In 2025, under the Interim government of Muhammad Yunus, an ordinance was drafted which gives the organization new duties and powers such as investigation, prosecution, legal representation of complainants. The new ordinance allows the organization to arrest and investigate suspects regardless of rank or political position independently.

==Emergence as a powerful organization==
The NHRC was legally banned from investigating members of law enforcement since 2009, which was removed under the Interim government of Muhammad Yunus through a new ordinance in 2025.

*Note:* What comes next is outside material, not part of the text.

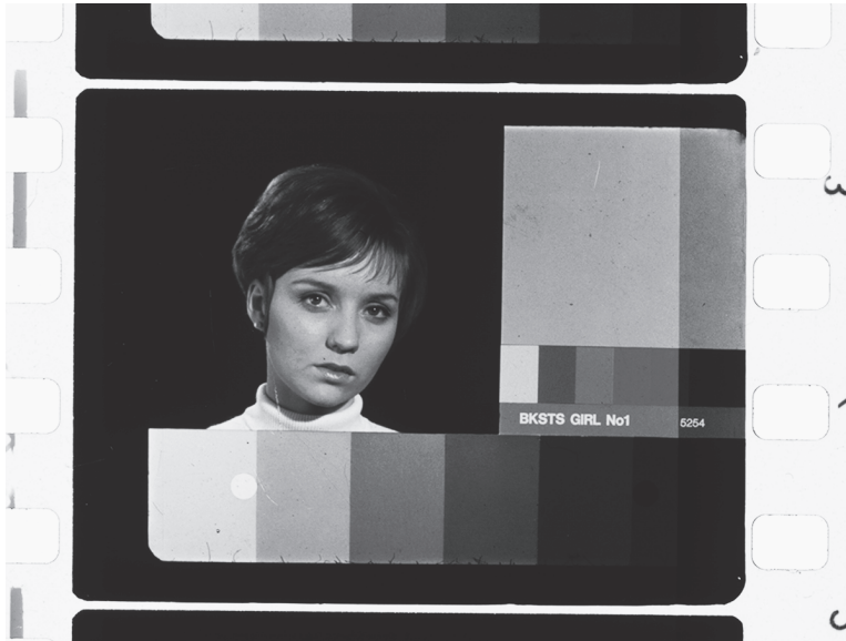
BKSTS Reference Leader Picture. 1970.

With the broad adoption of color in the early 1950s, there arose the demand for still more stringent quality-control measures. While color technology existed prior to the 1950s, the use of color in mainstream film had been monopolized by Technicolor since the late 1910s. 10 In 1949 Kodak introduced Eastmancolor negative color stock, its first three-color, single-strip color negative and printing film stock. 11 This was significant because it meant that any lab, and not just those operated by Technicolor, could develop and print color film. A host of other color stocks made by a number of rival manufacturers soon followed. Laboratories in the '50s once again faced pressure to maintain consistent control over variations, now in color as well as image density and sound. To address these increased demands in quality control, individual labs began producing their own China Girls. By the '60s, film manufacturers were also selling China Girls to accompany each film stock.

The ordinance also gives the organization new powers such as visiting and searching facilities to identify secret detention centres. It can also issue warrants to inspect prisons or other premises where enforced disappearances could have taken place.

The rights commission can also authorise law enforcers to make arrests with the ordinance stating investigating officers cannot be part of the organization that is being investigated.

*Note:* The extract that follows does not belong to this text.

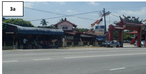
SUNWAY SEMENYIH (MAIN ROAD – 50 METRES ON THE LEFT SIDE FROM TRAFFIC LIGHT JUNCTION ) GOOGLE MAP COORDINATE Latitude: 2.960469 ; Longitude: 101.838617
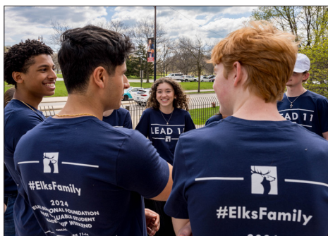
The Top 20 scholarship winners visited Chicago and spent three days networking, serving others, and learning about the Elks.

The scholars began their first full day with a visit to the Elks National Veterans Memorial and Headquarters. They got to see the ornate

These changes have been considered revolutionary to tackle human rights abuses.

==Organization==
The President of Bangladesh appoints the chairman and members of the commission based on the recommendations of a seven-member selection committee headed by the Speaker of Parliament.

Former chairman and members
| Name | Designation | Term | Reference |
|---|---|---|---|
| Kamal Uddin Ahmed | Chairman | 8 December 2022 – 7 November 2024 |  |
| Nasima Begum | Chairman | 22 September 2019 – 23 September 2022 |  |
| Md Nazrul Islam | Acting Chairman | 2 July 2019 – 6 August 2019 |  |
| Kazi Reazul Hoque | Chairman | 2 August 2016 – 1 July 2019 |  |
| Mizanur Rahman | Chairman | 23 June 2010 – 23 June 2016 |  |
| Md Nazrul Islam | Full Time Member | August 2016 – 6 August 2019 |  |
| Kazi Reazul Hoque | Full Time Member | June 2010 – 23 June 2016 |  |
| Nurun Naher Osmani | Member | 2 August 2016 – 2 August 2019 |  |
| Enamul Hoque Chowdhury | Member | 2 August 2016 – 2 August 2019 |  |
| Akhter Hussain | Member | 2 August 2016 – 2 August 2019 |  |
| Meghna Guhathakurta | Member | 2 August 2016 – 2 August 2019 |  |
| Banchita Chakma | Member | 2 August 2016 – 8 August 2019 |  |
| Mahfuza Khanam | Member | 23 June 2010 – 23 June 2016 |  |
| Selina Hossain | Member | 23 June 2010 – 23 June 2016 |  |
| Aroma Datta | Member | 23 June 2010 – 23 June 2016 |  |
| Fauzia Karim Firoz | Member | 23 June 2010 – 23 June 2016 |  |
| Nirupa Dewan | Member | 23 June 2010 – 23 June 2016 |  |

==Activities==
- It lodged complaints against Border Security Forces of India over Felani Killing with the National Human Rights Commission of India.
- It holds surveys regarding perceptions about human rights in Bangladesh.
- It campaigns against human rights abuses and extrajudicial killings in Bangladesh.